* WHAT TO WORK ON *
Pictures in the records below are skipped; the rest is copied exactly.
__________
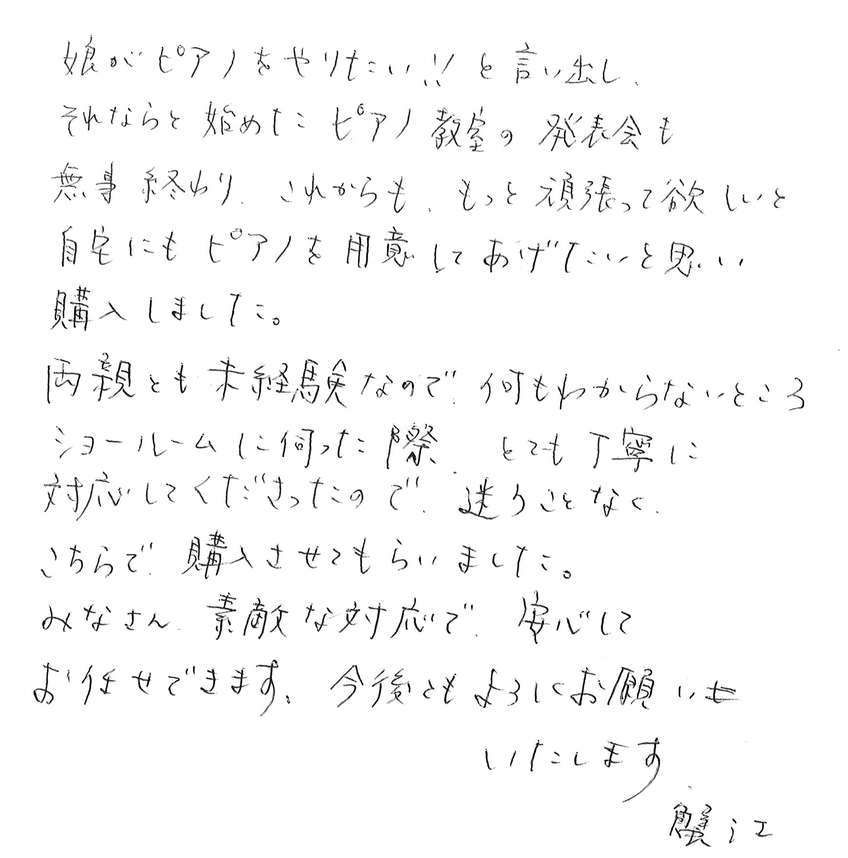 娘がピアノをやりたい!!と言い出し、それならと始めたピアノ教室の発表会も無事終わり、これからも、もっと頑張って欲しいと自宅にもピアノを用意してあげたいと思い購入しました。両親とも未経験なので、何もわからないところショールームに伺った際、とても丁寧に対応してくださったので、迷うことなくこちらで購入させてもらいました。 みなさん、素敵な対応で、安心してお任せできます。 今後ともよろしくお願いいたします。
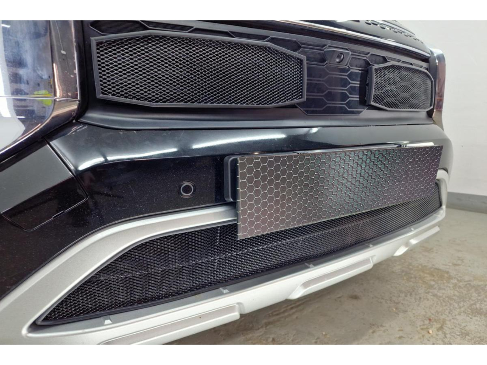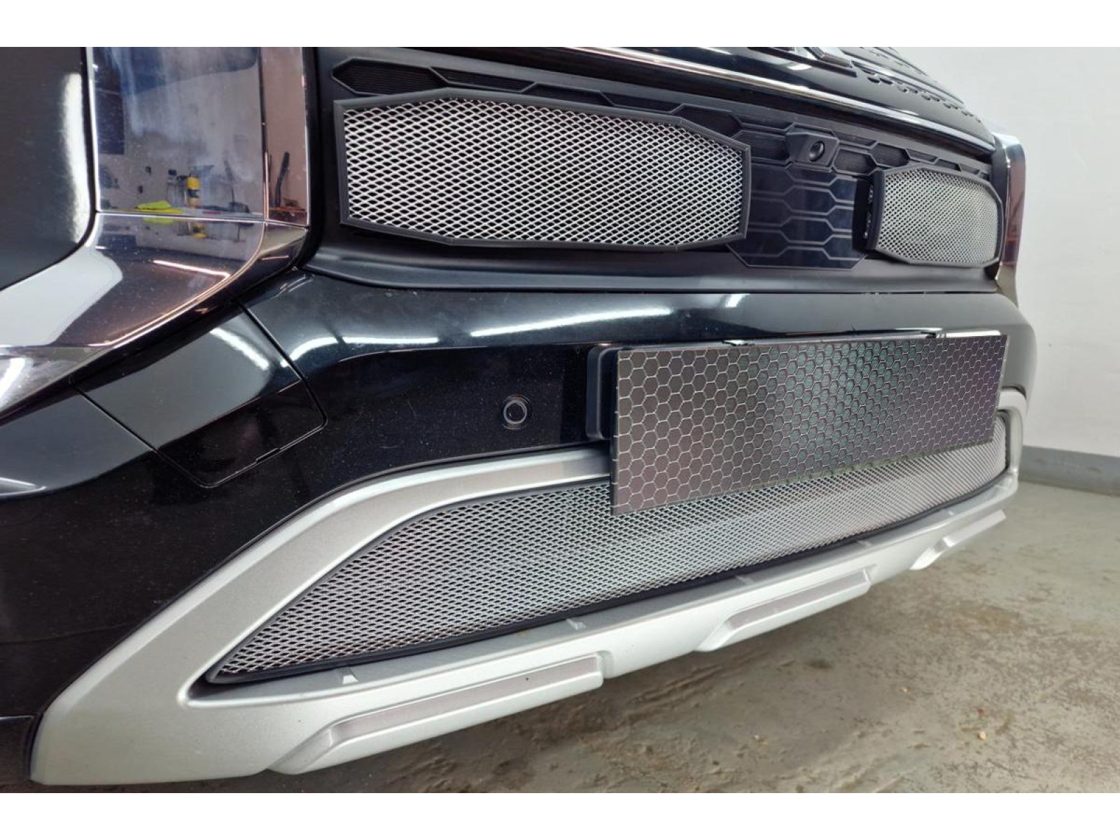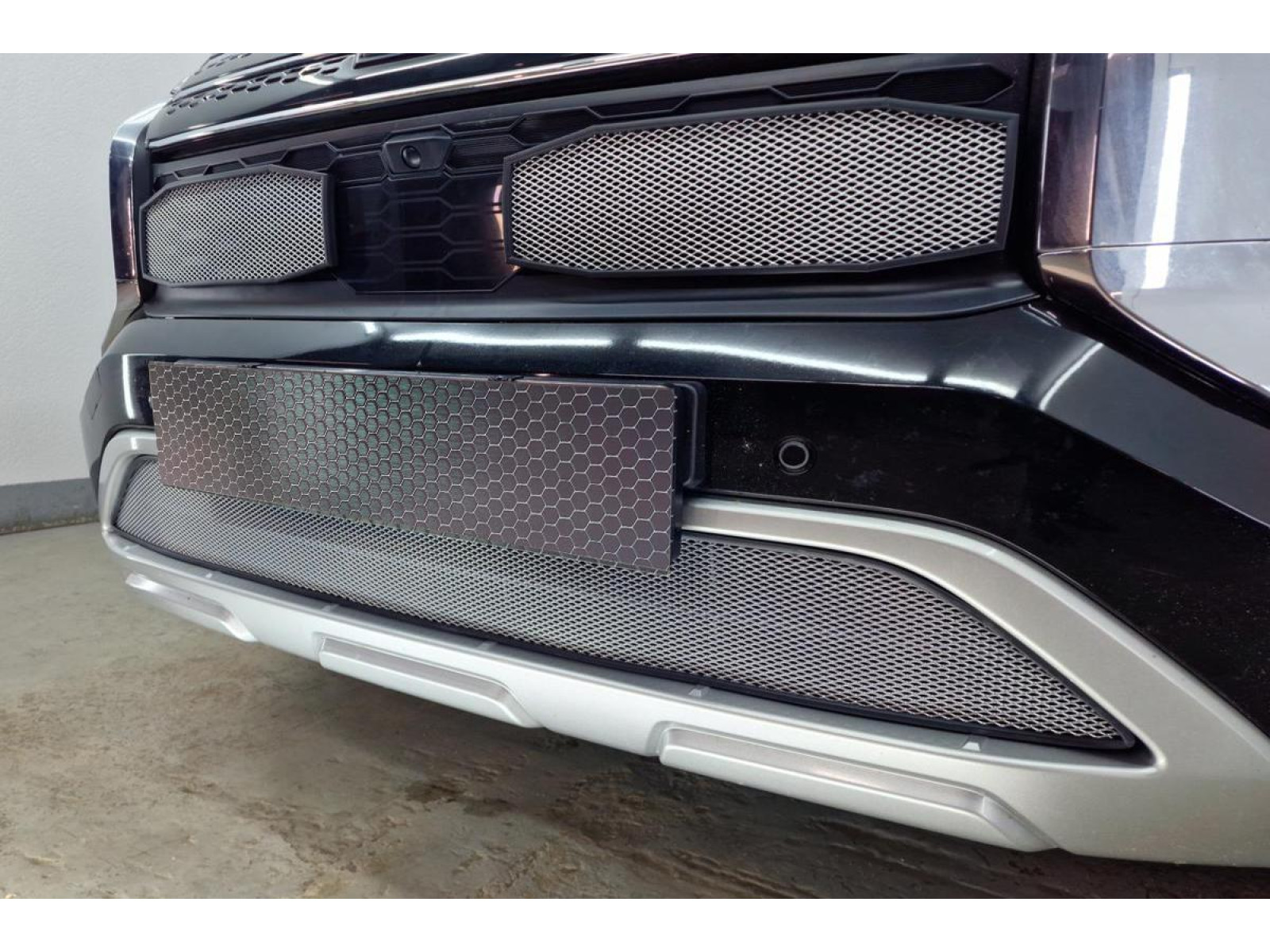 Окантовка защиты радиатора выполнена из мягкого черного пластика и проходит по всему контуру сетки. Она точно соответствует геометрии посадочного места в бампере, что предотвращает появление царапин и сколов на поверхности бампера при эксплуатации. Такое решение не только обеспечивает дополнительную защиту, но и придает изделию аккуратный завершенный вид.
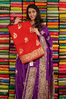 Russian Silk Gold Zari And Butti Red Saree
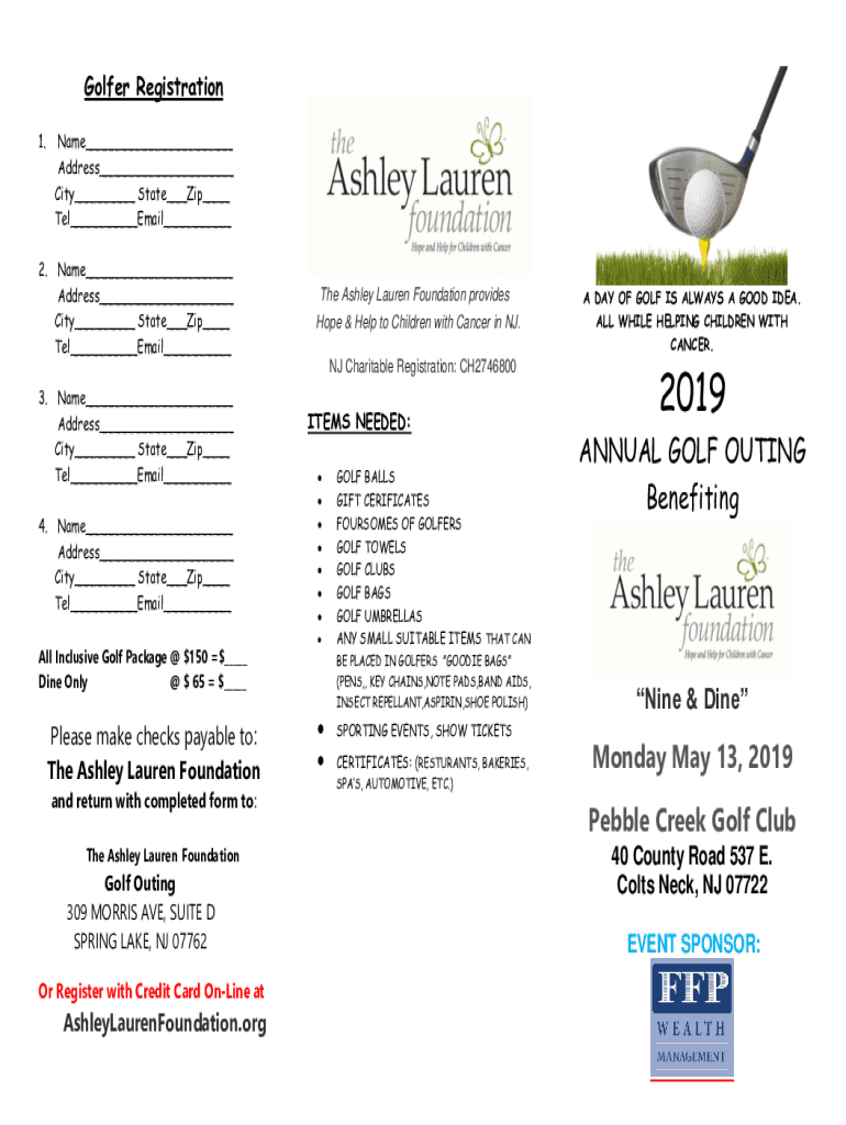 Golfer Registration 1. Name___ Address___ City___ State___Zip___ Tel___Email___2. Name___ Address___ City___ State___Zip___ Tel___Email___The Ashley Lauren Foundation provides Hope & Help to Children
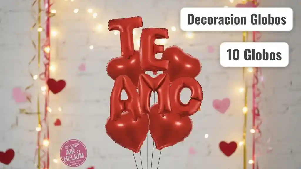 paquete con 9 bombas: 5 bombas R16 rojas con la Palabra TE AMO 4 bombas de corazon metalizadas
__________
* EXPECTED OUTPUT *
 娘がピアノをやりたい!!と言い出し、それならと始めたピアノ教室の発表会も無事終わり、これからも、もっと頑張って欲しいと自宅にもピアノを用意してあげたいと思い購入しました。両親とも未経験なので、何もわからないところショールームに伺った際、とても丁寧に対応してくださったので、迷うことなくこちらで購入させてもらいました。 みなさん、素敵な対応で、安心してお任せできます。 今後ともよろしくお願いいたします。
 Окантовка защиты радиатора выполнена из мягкого черного пластика и проходит по всему контуру сетки. Она точно соответствует геометрии посадочного места в бампере, что предотвращает появление царапин и сколов на поверхности бампера при эксплуатации. Такое решение не только обеспечивает дополнительную защиту, но и придает изделию аккуратный завершенный вид.
 Russian Silk Gold Zari And Butti Red Saree
 Golfer Registration 1. Name___ Address___ City___ State___Zip___ Tel___Email___2. Name___ Address___ City___ State___Zip___ Tel___Email___The Ashley Lauren Foundation provides Hope & Help to Children
 paquete con 9 bombas: 5 bombas R16 rojas con la Palabra TE AMO 4 bombas de corazon metalizadas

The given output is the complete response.